Characterizing TESS-Identified Quadruple and Higher Order Eclipsing Binaries: I. Speckle Imaging with DSSI and HRCam

TL;DR

This study uses speckle imaging to analyze quadruple and higher order eclipsing binaries identified by TESS, revealing their multiplicity, resolving some into separate sources, and providing data to better understand their system architectures.

Contribution

First comprehensive speckle imaging follow-up of TESS-identified quadruple and higher order eclipsing binaries, improving characterization of their multiplicity and system configurations.

Findings

Nearly 60% of observed systems are partly resolved into two sources.

Resolved systems show inflated Gaia parallax errors and large RUWE.

Some unresolved systems have upper limits on separation, indicating tight configurations.

Abstract

NASA's TESS mission has unveiled a plethora of eclipsing binaries (EBs), among them hundreds of triples and higher order, hierarchical systems. These complex targets require follow-up observations to enable full characterization of system architectures and identify the most compact multiples expected to undergo the most dramatic dynamical evolution.
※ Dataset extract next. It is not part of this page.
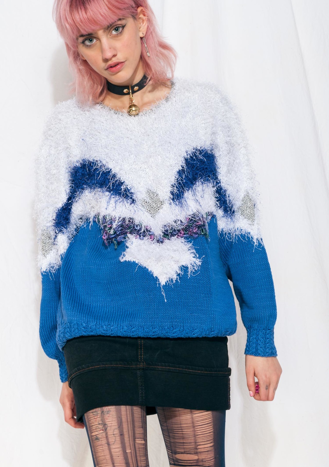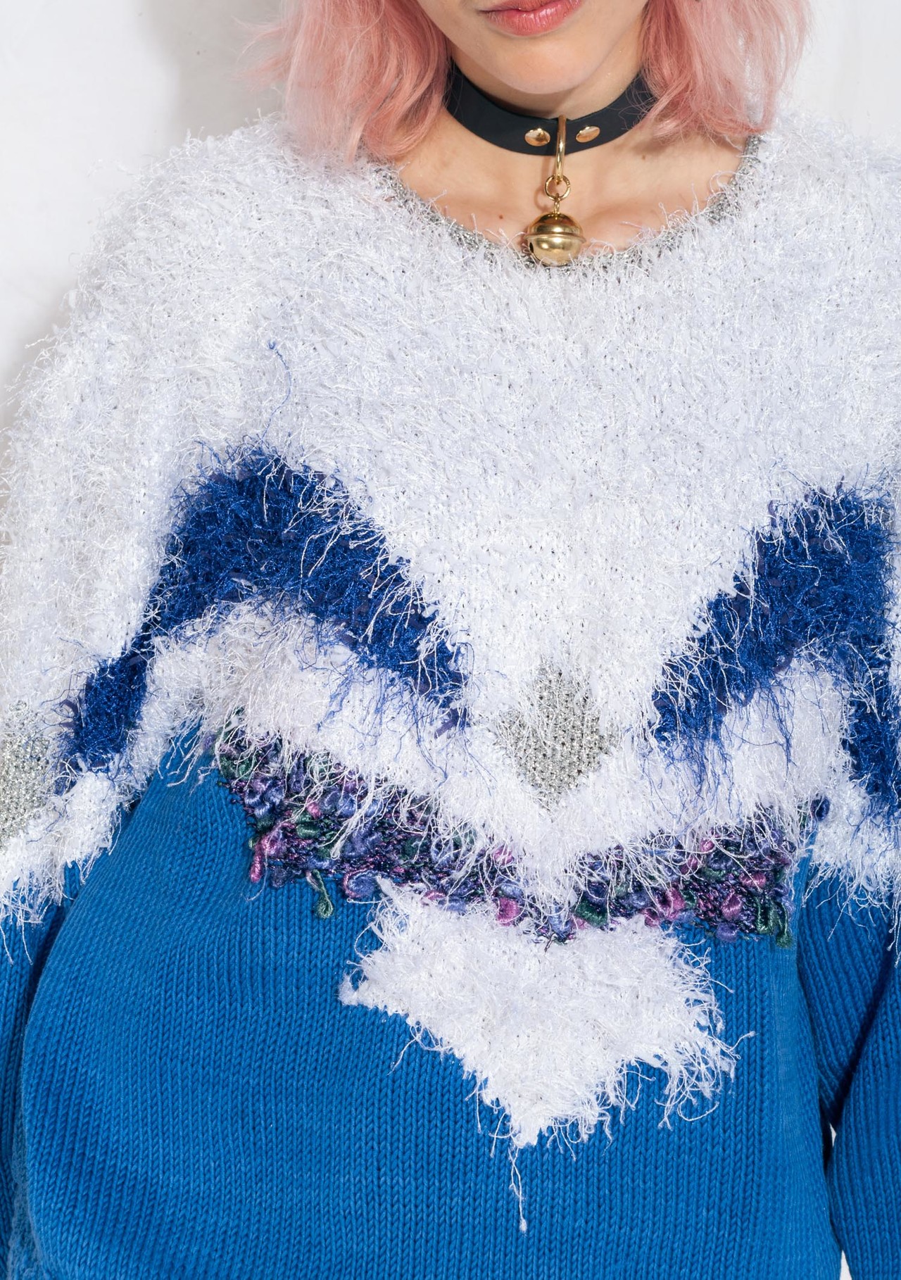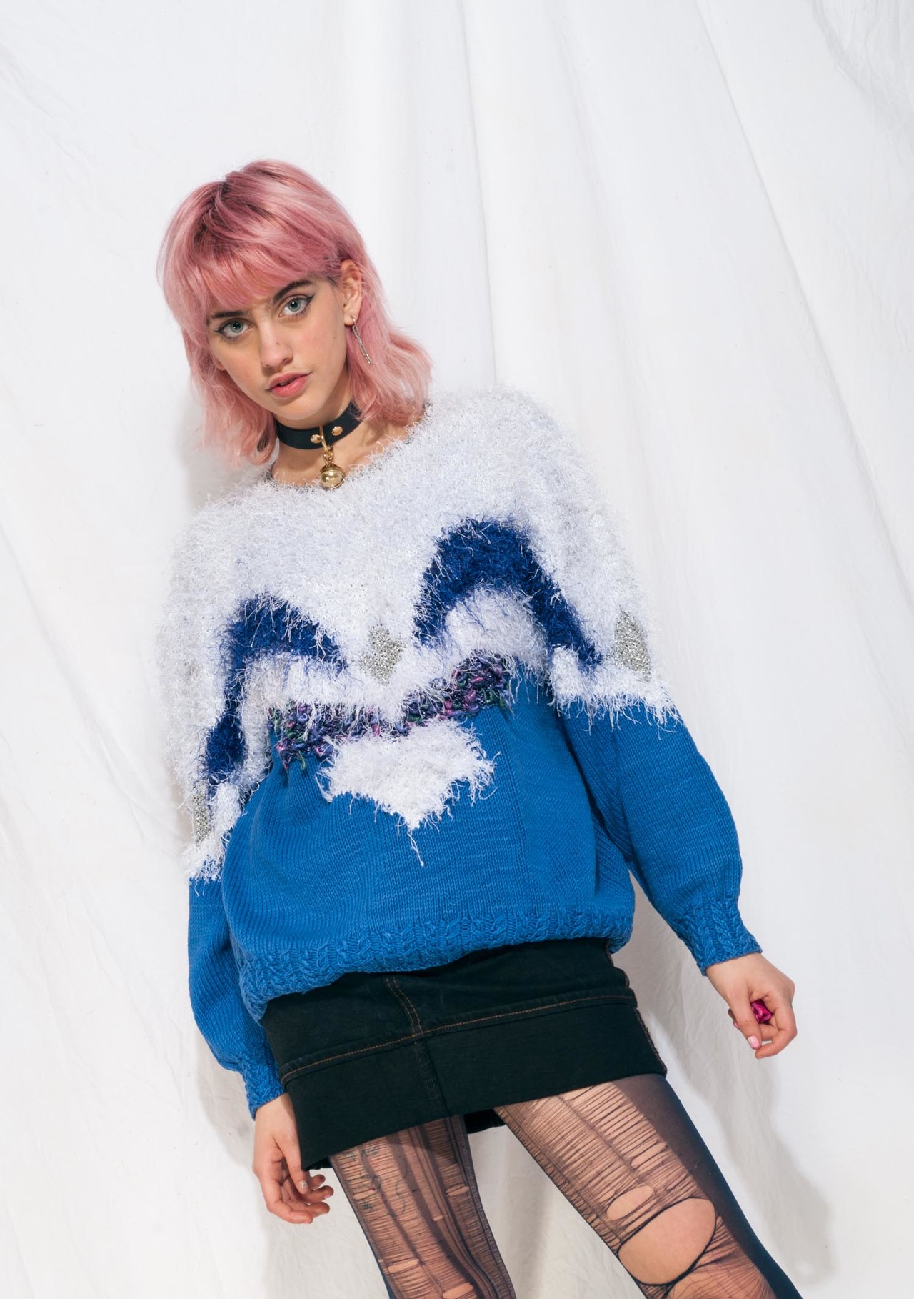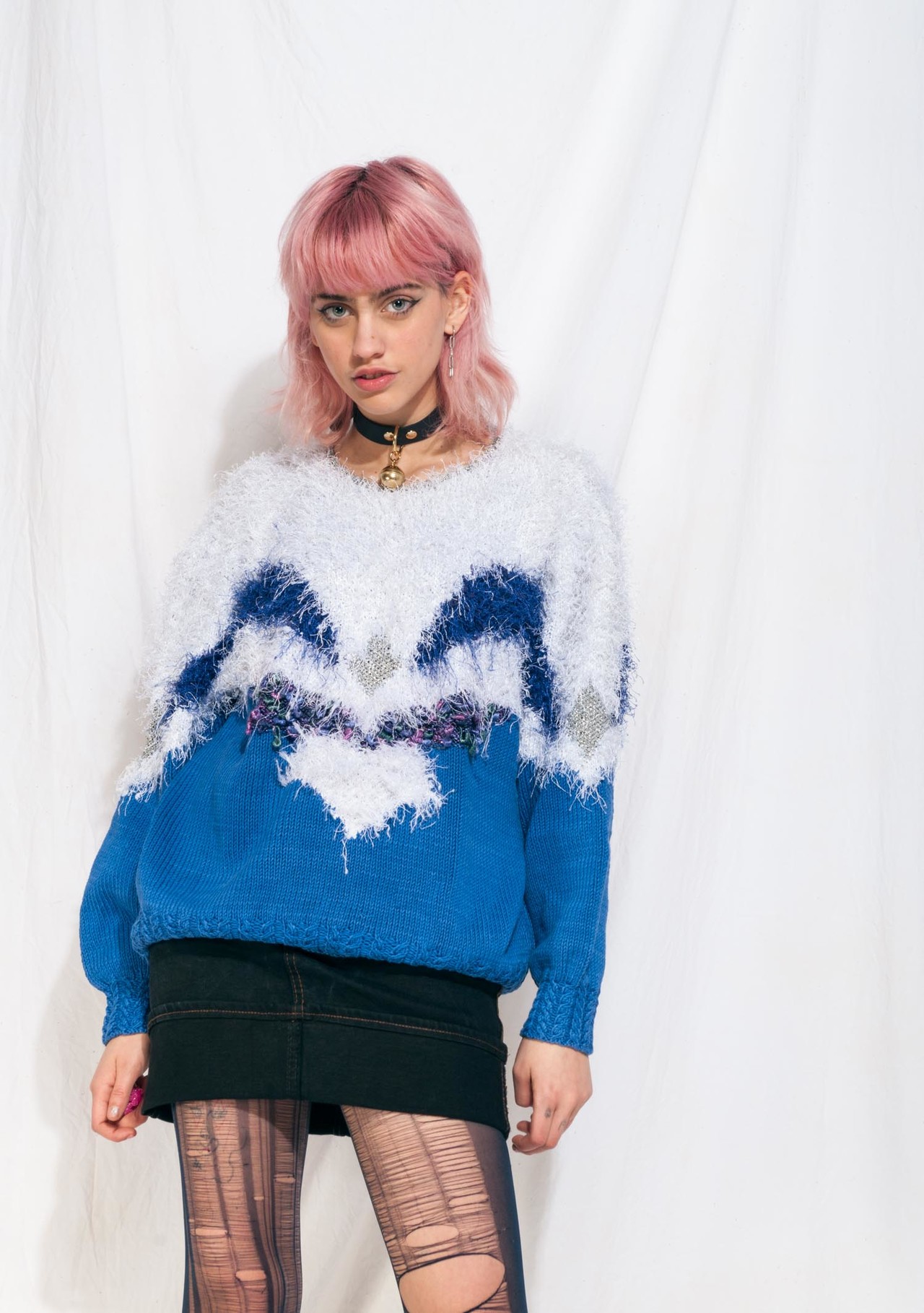 Vintage knit jumper 80s fluffy weird ugly Xmas sweater

We report first results from a long-term effort to perform such follow-up, focusing here on multi-band speckle imaging of a majority, 57, of the sample of 97 quadruple and higher order eclipsing binaries (Q+EBs) identified via TESS light curves by V. B. Kostov et al. (2022). Diffraction-limited imaging with the Differential Speckle Survey Instrument (DSSI) on the ARC 3.5-meter telescope and HRCam on the SOAR 4.1-m telescope reveals nearly 60% of the 57 to resolve into two sources separated by $\geq$ 0.03 arcseconds. For these partly resolved systems, we report derived characteristics (e.g., relative position angle, angular separation, and magnitude differences in multiple passbands) from the speckle imaging. We find those Q+EBs partly resolved with 4-m class telescopes to have significantly inflated Gaia parallax errors and large Gaia RUWE, particularly for systems with separations comparable to Gaia's resolution limit (~0.6 arcseconds). For unresolved systems we report upper limits on angular and linear projected separations. We find two partly resolved Q+EBs with wide linear separations having eclipse timing variations that are therefore candidates of higher than quadruple multiplicity. Finally, we demonstrate how speckle imaging of resolved Q+EBs during an eclipse can clarify which speckle-resolved Q+EB subsystem is associated with a particular set of TESS eclipses.